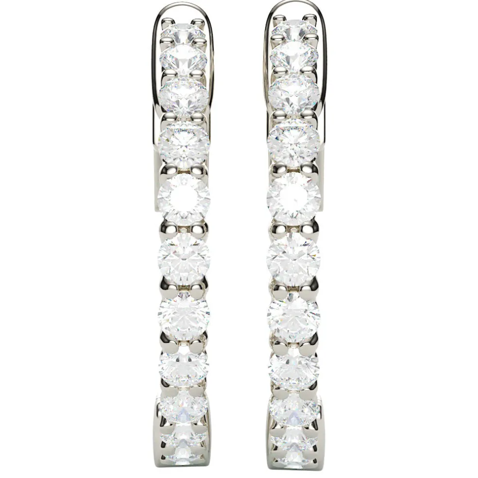 Sparkle with Effortless Elegance with the Vaniza! Embrace the Timeless Trend of our Diamond Hoop Earrings! Crafted in 14kt white gold weighing 3.95 g, these hoops are adorned with 36 round diamonds, totaling a brilliant 0.55 carats. Each diamond adds its own touch of radiance, making these earrings the perfect accessory to elevate any ensemble. Whether you’re rocking a casual chic look or dressing up for a glamorous affair, these hoops effortlessly combine classic charm with a modern edge. Let your style shine bright with these mesmerizing diamond hoop earrings, because when it comes to elegance, there’s no such thing as too much sparkle!
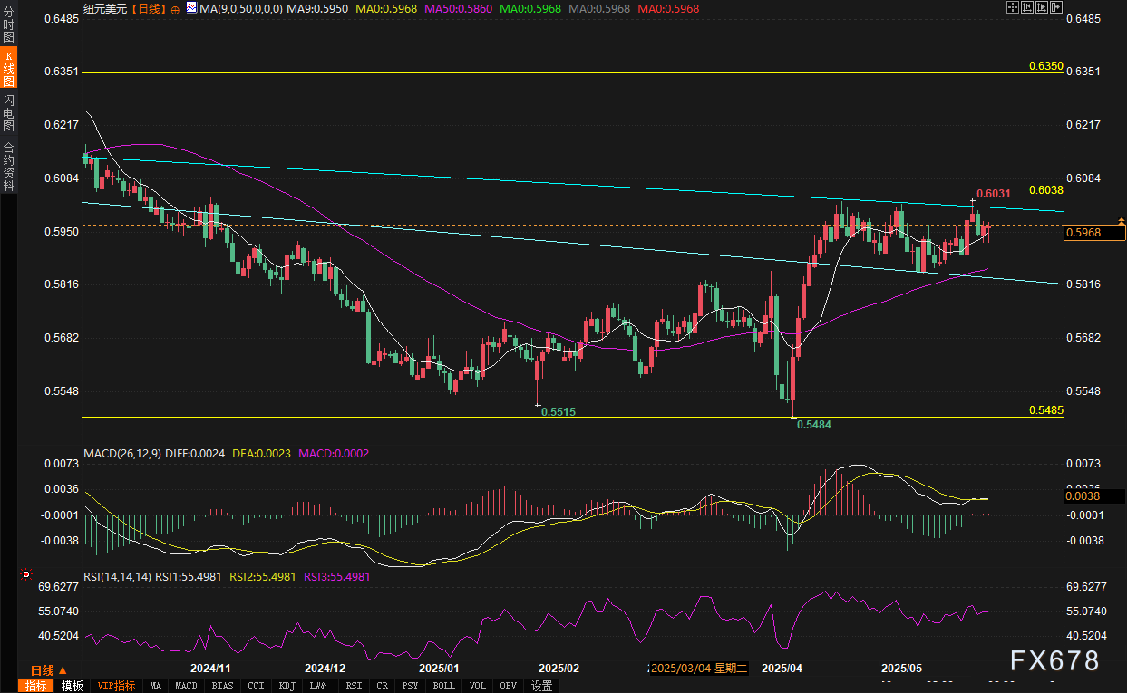 从日线结构观察,纽元兑美元自5月中旬以来持续在0.5830-0.6000区间构筑矩形整理形态,当前价格紧贴9日均线(0.5950)运行,该位置与矩形下轨共同构成双重支撑:
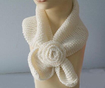 Want a little warmth for your neck without the bulk of a big scarf? This little neck warmer will stay in place with no fuss . To wear it you simply slip one end of the scarf into the keyhole at the other end. The keyhole is embellished with a pretty crocheted rose. The scarf is appropriate for a knitter with average skills or an adventurous beginner. Most of the scarf is easy but a beginner may have a little difficulty with the key hole though I have tried to give very simple instructions. Basic crochet skills are also needed to make the rose embellishment.

= Task to carry out =
Omitting the images, copy the listing exactly.

= Response =
 Sparkle with Effortless Elegance with the Vaniza! Embrace the Timeless Trend of our Diamond Hoop Earrings! Crafted in 14kt white gold weighing 3.95 g, these hoops are adorned with 36 round diamonds, totaling a brilliant 0.55 carats. Each diamond adds its own touch of radiance, making these earrings the perfect accessory to elevate any ensemble. Whether you’re rocking a casual chic look or dressing up for a glamorous affair, these hoops effortlessly combine classic charm with a modern edge. Let your style shine bright with these mesmerizing diamond hoop earrings, because when it comes to elegance, there’s no such thing as too much sparkle!
 从日线结构观察,纽元兑美元自5月中旬以来持续在0.5830-0.6000区间构筑矩形整理形态,当前价格紧贴9日均线(0.5950)运行,该位置与矩形下轨共同构成双重支撑:
 Want a little warmth for your neck without the bulk of a big scarf? This little neck warmer will stay in place with no fuss . To wear it you simply slip one end of the scarf into the keyhole at the other end. The keyhole is embellished with a pretty crocheted rose. The scarf is appropriate for a knitter with average skills or an adventurous beginner. Most of the scarf is easy but a beginner may have a little difficulty with the key hole though I have tried to give very simple instructions. Basic crochet skills are also needed to make the rose embellishment.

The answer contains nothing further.